### Exercise objective
Excluding all pictures, please output the listing exactly.

### Data extract
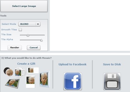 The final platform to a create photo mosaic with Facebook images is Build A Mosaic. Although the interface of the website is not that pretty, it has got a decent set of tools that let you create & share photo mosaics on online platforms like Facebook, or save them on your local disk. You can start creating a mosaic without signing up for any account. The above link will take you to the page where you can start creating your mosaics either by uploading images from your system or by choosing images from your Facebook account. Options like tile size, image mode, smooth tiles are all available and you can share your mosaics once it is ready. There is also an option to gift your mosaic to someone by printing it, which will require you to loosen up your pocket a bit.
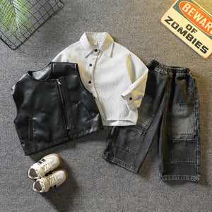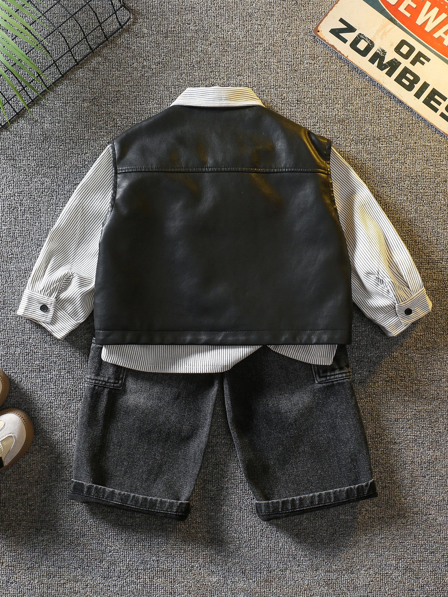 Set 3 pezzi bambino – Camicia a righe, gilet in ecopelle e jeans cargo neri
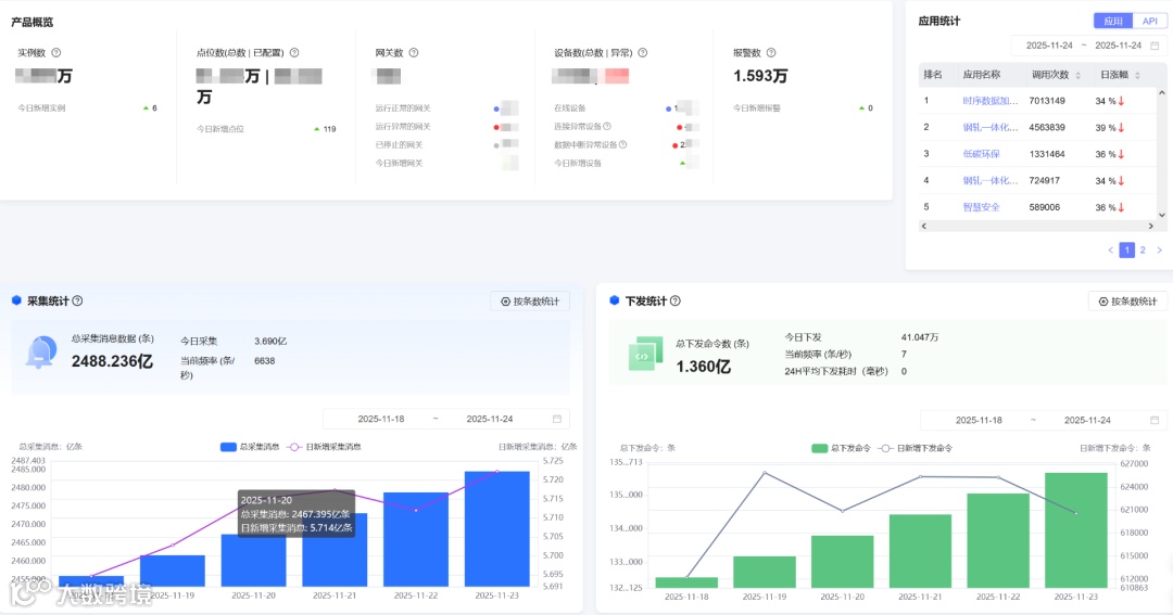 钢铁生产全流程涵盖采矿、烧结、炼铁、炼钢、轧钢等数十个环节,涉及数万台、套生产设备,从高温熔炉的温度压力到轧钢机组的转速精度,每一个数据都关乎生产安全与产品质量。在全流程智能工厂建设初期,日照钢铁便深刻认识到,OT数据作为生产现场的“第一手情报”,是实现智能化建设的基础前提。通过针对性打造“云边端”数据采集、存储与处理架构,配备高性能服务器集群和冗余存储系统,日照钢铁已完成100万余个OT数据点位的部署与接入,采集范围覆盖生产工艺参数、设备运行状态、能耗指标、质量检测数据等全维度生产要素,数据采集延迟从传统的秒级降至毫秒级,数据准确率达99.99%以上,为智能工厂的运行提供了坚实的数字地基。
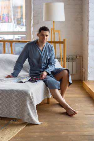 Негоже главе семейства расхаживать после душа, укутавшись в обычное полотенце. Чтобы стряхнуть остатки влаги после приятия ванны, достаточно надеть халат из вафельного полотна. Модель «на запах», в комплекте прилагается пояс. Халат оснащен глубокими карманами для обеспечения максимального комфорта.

### Solution for this task
 The final platform to a create photo mosaic with Facebook images is Build A Mosaic. Although the interface of the website is not that pretty, it has got a decent set of tools that let you create & share photo mosaics on online platforms like Facebook, or save them on your local disk. You can start creating a mosaic without signing up for any account. The above link will take you to the page where you can start creating your mosaics either by uploading images from your system or by choosing images from your Facebook account. Options like tile size, image mode, smooth tiles are all available and you can share your mosaics once it is ready. There is also an option to gift your mosaic to someone by printing it, which will require you to loosen up your pocket a bit.
 Set 3 pezzi bambino – Camicia a righe, gilet in ecopelle e jeans cargo neri
 钢铁生产全流程涵盖采矿、烧结、炼铁、炼钢、轧钢等数十个环节,涉及数万台、套生产设备,从高温熔炉的温度压力到轧钢机组的转速精度,每一个数据都关乎生产安全与产品质量。在全流程智能工厂建设初期,日照钢铁便深刻认识到,OT数据作为生产现场的“第一手情报”,是实现智能化建设的基础前提。通过针对性打造“云边端”数据采集、存储与处理架构,配备高性能服务器集群和冗余存储系统,日照钢铁已完成100万余个OT数据点位的部署与接入,采集范围覆盖生产工艺参数、设备运行状态、能耗指标、质量检测数据等全维度生产要素,数据采集延迟从传统的秒级降至毫秒级,数据准确率达99.99%以上,为智能工厂的运行提供了坚实的数字地基。
 Негоже главе семейства расхаживать после душа, укутавшись в обычное полотенце. Чтобы стряхнуть остатки влаги после приятия ванны, достаточно надеть халат из вафельного полотна. Модель «на запах», в комплекте прилагается пояс. Халат оснащен глубокими карманами для обеспечения максимального комфорта.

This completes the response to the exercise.